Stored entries
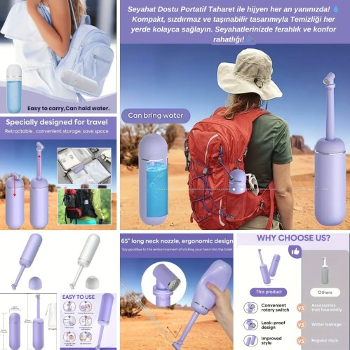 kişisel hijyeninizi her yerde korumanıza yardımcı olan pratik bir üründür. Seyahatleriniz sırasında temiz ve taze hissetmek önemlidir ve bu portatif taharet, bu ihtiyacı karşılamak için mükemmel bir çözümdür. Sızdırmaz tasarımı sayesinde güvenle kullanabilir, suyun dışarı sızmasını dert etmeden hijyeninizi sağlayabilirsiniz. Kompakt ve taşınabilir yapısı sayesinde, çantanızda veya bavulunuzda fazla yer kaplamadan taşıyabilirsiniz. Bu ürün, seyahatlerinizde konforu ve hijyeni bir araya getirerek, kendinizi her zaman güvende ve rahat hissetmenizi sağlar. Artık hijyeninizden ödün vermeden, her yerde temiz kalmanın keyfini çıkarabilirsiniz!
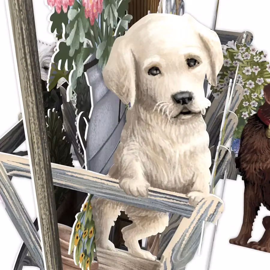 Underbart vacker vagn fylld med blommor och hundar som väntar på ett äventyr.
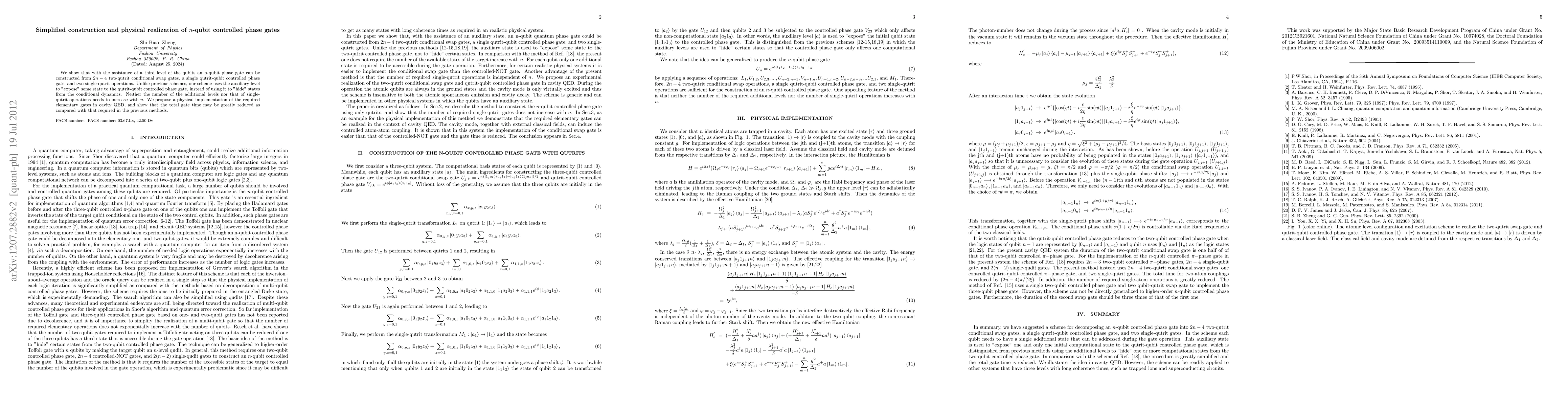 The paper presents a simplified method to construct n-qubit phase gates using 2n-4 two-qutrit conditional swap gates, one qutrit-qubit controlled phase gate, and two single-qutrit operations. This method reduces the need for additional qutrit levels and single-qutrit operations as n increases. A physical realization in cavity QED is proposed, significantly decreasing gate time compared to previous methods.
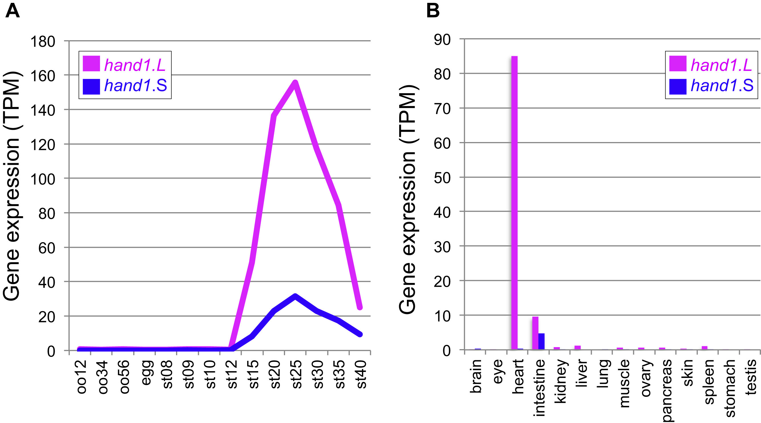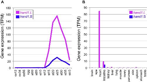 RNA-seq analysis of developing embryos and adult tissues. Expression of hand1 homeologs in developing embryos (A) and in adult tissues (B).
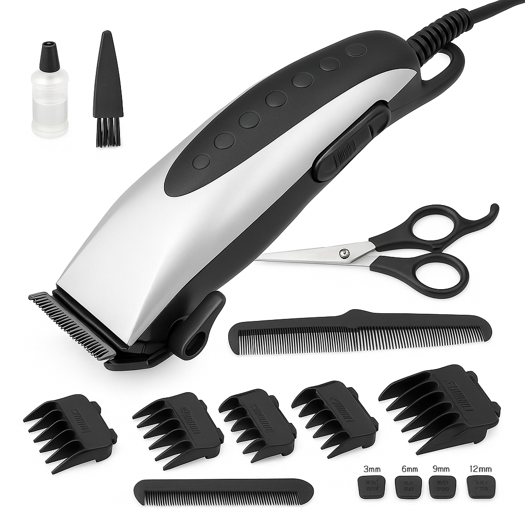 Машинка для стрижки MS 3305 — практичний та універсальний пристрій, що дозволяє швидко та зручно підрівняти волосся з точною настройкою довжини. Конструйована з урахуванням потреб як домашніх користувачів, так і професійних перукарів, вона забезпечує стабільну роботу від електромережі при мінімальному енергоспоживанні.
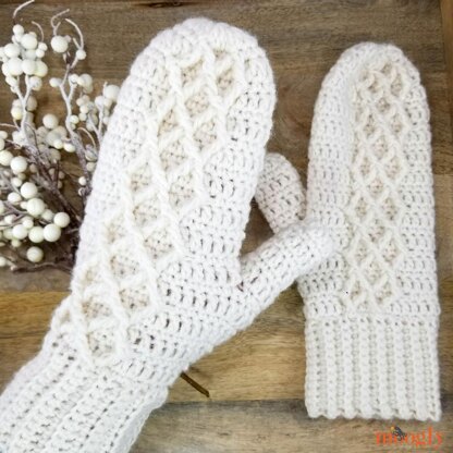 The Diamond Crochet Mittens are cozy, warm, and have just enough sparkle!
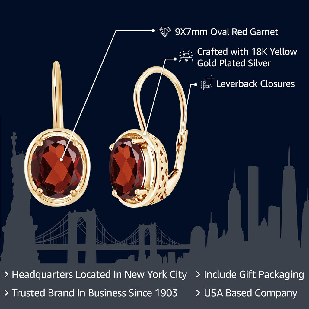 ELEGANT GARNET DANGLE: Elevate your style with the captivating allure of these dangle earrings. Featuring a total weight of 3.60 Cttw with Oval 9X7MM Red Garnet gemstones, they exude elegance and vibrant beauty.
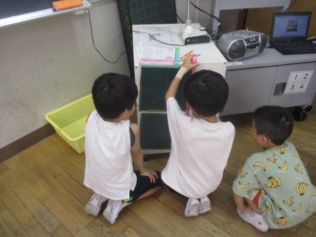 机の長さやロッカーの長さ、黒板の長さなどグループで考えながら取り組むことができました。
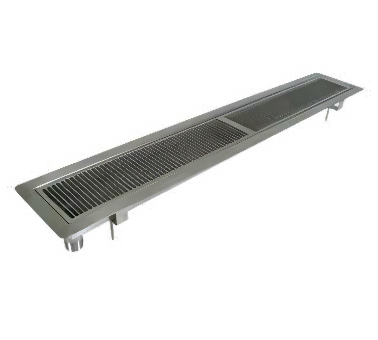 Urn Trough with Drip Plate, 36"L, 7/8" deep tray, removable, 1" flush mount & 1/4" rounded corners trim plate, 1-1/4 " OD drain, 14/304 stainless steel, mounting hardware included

• **TASK DESCRIPTION**: In the answer, the data should reappear exactly, with no pictures.

• **WRITTEN RESPONSE**:
 kişisel hijyeninizi her yerde korumanıza yardımcı olan pratik bir üründür. Seyahatleriniz sırasında temiz ve taze hissetmek önemlidir ve bu portatif taharet, bu ihtiyacı karşılamak için mükemmel bir çözümdür. Sızdırmaz tasarımı sayesinde güvenle kullanabilir, suyun dışarı sızmasını dert etmeden hijyeninizi sağlayabilirsiniz. Kompakt ve taşınabilir yapısı sayesinde, çantanızda veya bavulunuzda fazla yer kaplamadan taşıyabilirsiniz. Bu ürün, seyahatlerinizde konforu ve hijyeni bir araya getirerek, kendinizi her zaman güvende ve rahat hissetmenizi sağlar. Artık hijyeninizden ödün vermeden, her yerde temiz kalmanın keyfini çıkarabilirsiniz!
 Underbart vacker vagn fylld med blommor och hundar som väntar på ett äventyr.
 The paper presents a simplified method to construct n-qubit phase gates using 2n-4 two-qutrit conditional swap gates, one qutrit-qubit controlled phase gate, and two single-qutrit operations. This method reduces the need for additional qutrit levels and single-qutrit operations as n increases. A physical realization in cavity QED is proposed, significantly decreasing gate time compared to previous methods.
 RNA-seq analysis of developing embryos and adult tissues. Expression of hand1 homeologs in developing embryos (A) and in adult tissues (B).
 Машинка для стрижки MS 3305 — практичний та універсальний пристрій, що дозволяє швидко та зручно підрівняти волосся з точною настройкою довжини. Конструйована з урахуванням потреб як домашніх користувачів, так і професійних перукарів, вона забезпечує стабільну роботу від електромережі при мінімальному енергоспоживанні.
 The Diamond Crochet Mittens are cozy, warm, and have just enough sparkle!
 ELEGANT GARNET DANGLE: Elevate your style with the captivating allure of these dangle earrings. Featuring a total weight of 3.60 Cttw with Oval 9X7MM Red Garnet gemstones, they exude elegance and vibrant beauty.
 机の長さやロッカーの長さ、黒板の長さなどグループで考えながら取り組むことができました。
 Urn Trough with Drip Plate, 36"L, 7/8" deep tray, removable, 1" flush mount & 1/4" rounded corners trim plate, 1-1/4 " OD drain, 14/304 stainless steel, mounting hardware included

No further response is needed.